TASK STATEMENT ▸ Pictures are to be omitted; everything else in the data must be transcribed exactly.

Start of DATA SEGMENT

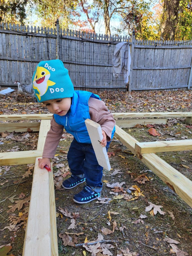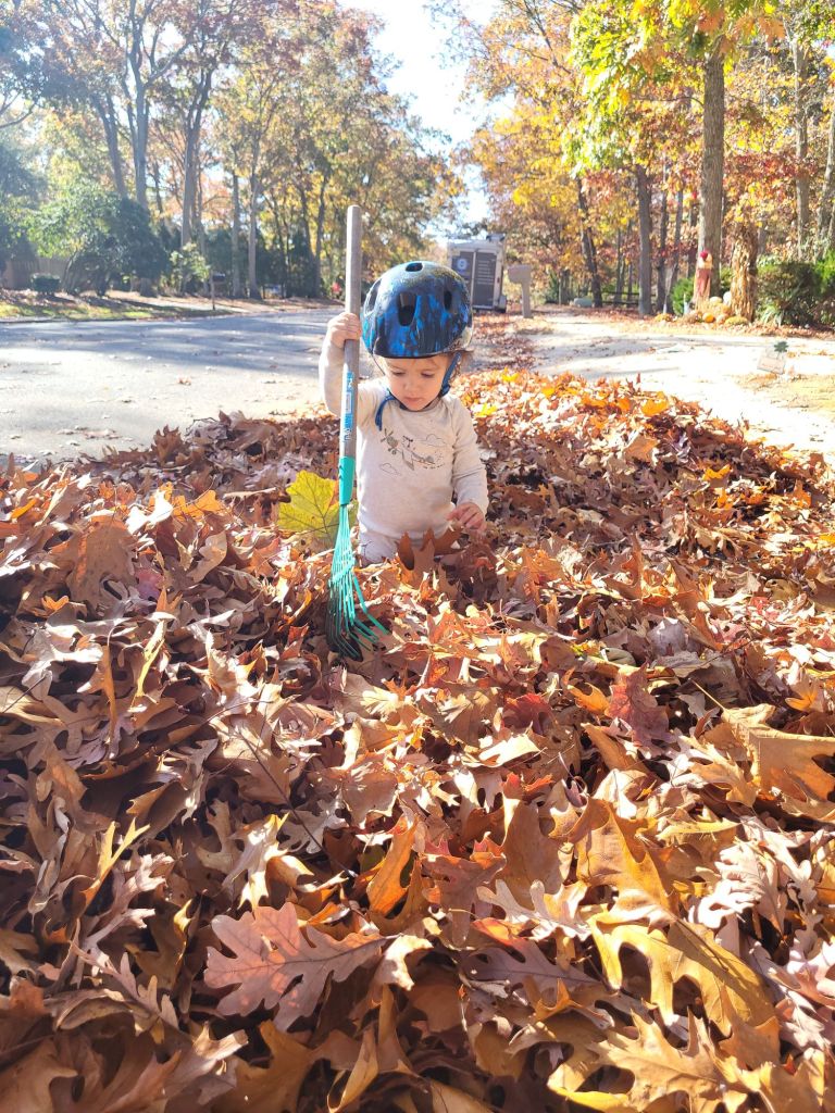 - Yard work- gardening, leaves, watering, you name it! He loves to help with harvesting potatoes and carrots, watering plants, filling the duck’s pool with water, turning the compost pile, raking leaves, picking up sticks, pretty much anything you can think of. I like to give him jobs that are easy enough for his age, but also challenging enough to keep him engaged, help him learn, and work on his motor skills. He often needs redirecting, especially with the hose, but again, he’s learning and only a year old.
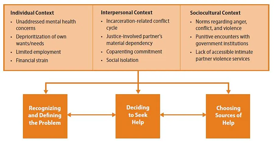 Liang et al.’s (2005) help-seeking model suggests three distinct processes involved in help-seeking among partner violence victims: recognizing and defining the problem, deciding to seek help, and choosing a source of support (Liang et al., 2005). All three are influenced by the individual, interpersonal, and sociocultural context (Figure 1) (Liang et al., 2005). Qualitative data from Multi-site Family Study participants indicates that, for couples affected by incarceration, distinct barriers can interfere with each of these processes.
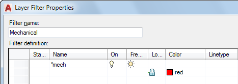 Displays the properties of layers that determine which layers are listed. You can click to specify one or more properties to define the filter. All the properties specified on a single line in the filter definition must be true to display a layer name (a logical AND). Subsequent lines in the filter definition each specify alternative criteria (a logical OR).

End of DATA SEGMENT

FINISHED EXERCISE ▸
 - Yard work- gardening, leaves, watering, you name it! He loves to help with harvesting potatoes and carrots, watering plants, filling the duck’s pool with water, turning the compost pile, raking leaves, picking up sticks, pretty much anything you can think of. I like to give him jobs that are easy enough for his age, but also challenging enough to keep him engaged, help him learn, and work on his motor skills. He often needs redirecting, especially with the hose, but again, he’s learning and only a year old.
 Liang et al.’s (2005) help-seeking model suggests three distinct processes involved in help-seeking among partner violence victims: recognizing and defining the problem, deciding to seek help, and choosing a source of support (Liang et al., 2005). All three are influenced by the individual, interpersonal, and sociocultural context (Figure 1) (Liang et al., 2005). Qualitative data from Multi-site Family Study participants indicates that, for couples affected by incarceration, distinct barriers can interfere with each of these processes.
 Displays the properties of layers that determine which layers are listed. You can click to specify one or more properties to define the filter. All the properties specified on a single line in the filter definition must be true to display a layer name (a logical AND). Subsequent lines in the filter definition each specify alternative criteria (a logical OR).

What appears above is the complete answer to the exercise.